I don't think this is just a Vancouver thing, and it shouldn't be used for tarring the whole city with the same brush. But by the same token, it seems naive to deny that fandom has something to do with it. All around the world, some people (mainly young men) take their pro sports way too seriously, and trouble follows big games no matter who wins. I don't see how this is any different.


----------



## ehMax (Feb 17, 2000)

bryanc said:


> This is an interesting point. How much of the hooliganism is a function of 'sports' and how much is just an indication of the erosion of social order? *I have always thought that professional sports brings out an ugly aspect of tribalism* in otherwise civilized people, but it may not be true.


Bryanc touched upon it, and what I said earlier:



ehMax said:


> On the other end, team sport is an emulation of tribal war and rivalry. I'd say at the heart, that's what it really is... why humanity has sport. It's in our blood to be part of tribes and to compete...to do battle. A more civilized way to feed that desire is do it without actual spears and killing is to emulate it through skillful athleticism. The spectators watching live vicariously through the participants in the battle. We get that adrenaline rush. We clap, we cheer, we chant. We done the colours, put on the badge / crest, we wave the flag.
> 
> For many, that connection with that local team is like a connection to your tribe. Win or lose, you stick with your tribe and battle. There's an inherent resentment to those who are local who "defect" to the enemies tribe.
> 
> ...


I personally LOVE the feeling of being in a crowd a large group where you feel like a large collective for a cause. Everyone know's that feeling, if you see a stadium where everyone is wearing the same colours, waving a big display of towels or whatever. Or the pride you feel as a National team. In soccer, it can be much more elaborate displays and much more elaborate singing and chanting besides "Go Canucks Go"

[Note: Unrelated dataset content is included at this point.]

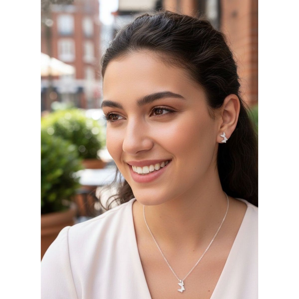 Você está aqui: Página inicial1 / Loja2 / Prata 9253 / Conjuntos4 / Conjunto em Prata 925 em forma de Borboletas Cravejadas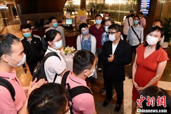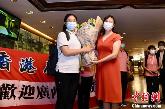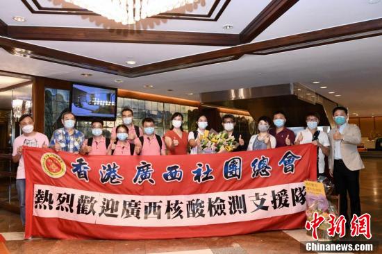 9月2日晚上,香港广西社团总会欢迎内地核酸检测支援队(广西组)成员。中新社记者 李志华 摄

However, there is that problem of it spilling over from "simulated" tribal war into real violence. 

I don't know what the answer to it is. 

Lots of people are able to make that distinction between simulated and doing things for enjoyment vs regressing into a neanderthal. 

There is a group / demographic that I can't stand who have this idiotic "frat-boy" spring break mentality. They view sport as just an excuse to get drunk, make pseudo gangster signs, scream "Whooooo" at the camera and think it would be "bitch'n" if stuff started to go down, and they couldn't wait to tell their other frat-boy buddies how wicked and wild it was. Seems to be the same group of 18-25 year olds on the out-skirts of cities in lower income brackets. 

In soccer, stadiums have gotten much better at handling incidents. There's often very strict protocol for fans. The reason its often not as big of a problem is North America is the huge geographical distance between cities of often small size of arenas and allocation of tickets. If you could imagine if there was an enormous contingent of Boston Bruins fans at Vancouver. 

In large 80,000 seat soccer stadiums in Europe, you often have the stadium split of 1/4 to 3/4 of opposing fans.

Anyways, I'm not stating very much in terms of solutions, but just a matter of fact of certain things.


----------



## Dr.G. (Aug 4, 2001)

All valid points, Mr. Mayor.

The largest crowd I was ever in at a sports event was at a University of Georgia football game at Sanford Stadium in Athens, GA. There was a capacity crowd of 82,000, with about 2000 Univ. of Alabama supporters and 80,000 students, faculty, staff, alumni, et al, wildly cheering for Georgia. The cries of "Beat Bama" was deafening. When they finally did beat Alabama, the place went wild .......... with cheering. The worst thing that happened in the town of Athens was horn honking up until midnight.

I attended a soccer game in Athens, Greece, with almost as many people in the stands. It was so close and so hard fought, with the crowd evenly divided supporting each team, that one thought that there was going to be a reenactment of The Peloponnesian War at the end of the match. Luckily, it was a 0-0 tie. Still, outside the arena there were fights between supporters of each team.

Thus, I am able to also see both sides of bryanc's excellent points as well.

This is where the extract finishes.